Foster’s dome, completed in 1999 after furious rounds of criticism, projected confident metaphors in several directions.3 By intention, the new dome reveals a virtual “theater of democracy” to visitors, who could peer directly into parliamentary sessions and see government operating with total transparency. Louvered mirrors simultaneously emphasize the process of self-reflection for visitors, and support a logistically innovative heating and cooling system. The transparent dome symbolically channels the metaphorical light of redeemed knowledge directly into the country’s main governing chamber. From the inside out, Foster’s treatment also provides a panoramic view of a revitalized city, and beams an illuminating beacon into the night sky. This generously proportioned dome rapidly assumed symbolic prominence as the primary emblem of Germany’s moral transformation and transparent conscience, after decades of a type of national kenosis enforced by the watching international community. 

Of course, early modern German architecture led the field in embracing the spiritual qualities of glass, epitomized by Gropius and Meyer’s workshop wing at the Bauhaus. In the cultural context of Germany’s renewal after World War I, architect Rudolf Arnheim’s first impression of the structure described it as “a triumph of purity, clarity, and generosity,” with an “architectural honesty,” he felt tempted to say, that delivered moral impact.”4 The enlightened presence of the gleaming glass box, hovering above the ground during its night-time opening reception, dovetailed with the mysticism of glass constructions that Scheerbart and Taut promoted in their Glasarchitektur and Glass Chain discussions, and Taut’s airy rhetoric about his Glashaus at Cologne, which he called the cathedral of the future. Insisting that “the crystal palace would symbolize the spiritual core of community,”5 Taut hailed transparency, clarity, purity, and “the flowing, graceful, faceted, sparkling, flashing…!”6 Taut exhorted others to embrace unbuildable “eternal” crystalline building complexes that emitted pure essences, “free from complex structures, nonessential functions or descriptiveness.”7 Fifty years after Taut, postwar glass designers were intently attuned to the historical dialogue that toggled between these mystical, objective and rationalist architectural approaches.

They also tuned into the modernist discourse regarding the church idiom in Germany, although this  narrative was suppressed by the anti-religious stances of modernist academic critiques, until recently. In 1919, the architect Otto Bartning implored architects to strip the dishonesty and insincerity from their church designs in his influential treatise, Toward A New Church Architecture (Vom neuen Kirchbau). Bartning (1883-1959), who directed the architecture program at the old Weimar Werkbund and Bauhaus building after the Bauhauslers were evicted in 1925, disparaged the “lying façade of sacred symbolism… where dim interiors…feign atmosphere.”8 He lamented that piety had only found a temporary shelter in the church building, a realization that he said “seemed to me like a second expulsion from paradise.”9 Church architect Rudolf Schwarz (1897– 1961), greatly admired by Mies van der Rohe when Mies ran the Berlin Bauhaus, provided the earliest example of architectural kenosis in 1930 with his minimalistic Fronleichnamskirche in Aachen.

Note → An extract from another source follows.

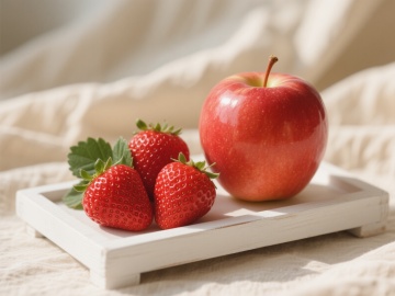 清新草莓与苹果,简约木质托盘,柔和自然光,营造温馨日常氛围。
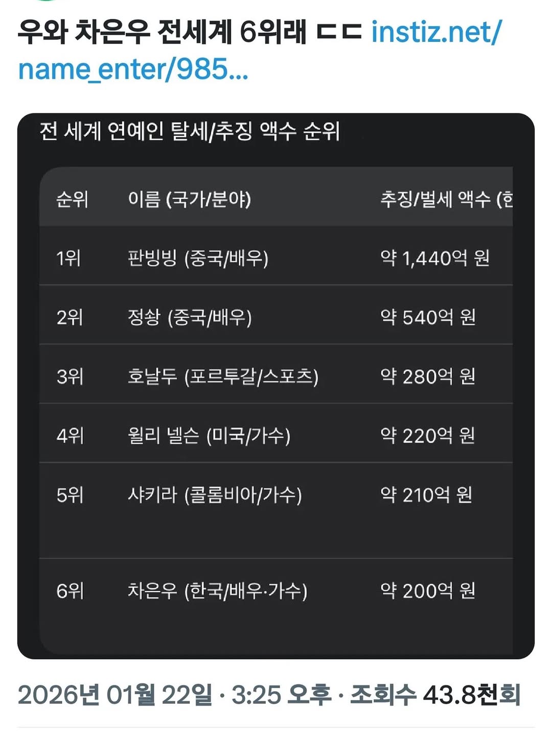 탈세 사실이면 전세계 연예인 6등 작성자 정보 최고관리자 작성일 01.25 11:25 컨텐츠 정보 14 조회 0 댓글 0 추천 0 비추천 목록 0 추천 추천 비추천 0 비추천 댓글 로그인한 회원만 댓글 등록이 가능합니다. 이전 다음 목록

The postwar glass designers deeply appreciated the parallels with their own struggles to transcend the styles of the past, such as neo-medieval and expressionist approaches, and to find design solutions that accompanied and enhanced the spatial affect of the host site. Those who intentionally chose the visual kenosis of clear or white glass grounds felt convicted that transparency and intelligent light treatments  would figuratively cleanse and purify the occluded souls of Germans, stained by Germany’s role in the Holocaust. 

Cropping up in the mid-1950s at significant heritage sites and sanctuaries, the transparent approach seemed completely counterintuitive at first, particularly in the German context. For one thing, clear glass appeared on thousands of sites because it was the only glass available immediately after the war for the provisional reglazing of major German heritage complexes that had lost their glass. Designers had to convince clients that using mouth-blown, antique or varicolored clear glasses differed from the industrial grade clear glass replacements, used for the sake of efficiency at sites with tremendous patrimonial value. The cost of using craft-based clear glasses, prized for their custom-made pigmentation, interior ‘seediness,’ or textured surfaces, did not significantly lower the cost of an installation, usually priced by the square-foot/meter. In the stringent economy of the early postwar environment, clients naturally anticipated that paying the same price for clear glass treatments as for traditional polychromed windows made no sense; they naturally wanted the fullest visual impact for their pfennigs. Moreover, ineffability was difficult to illustrate in the available black-and-white photographic collages, or hand-drawn mock ups available in the 1950s.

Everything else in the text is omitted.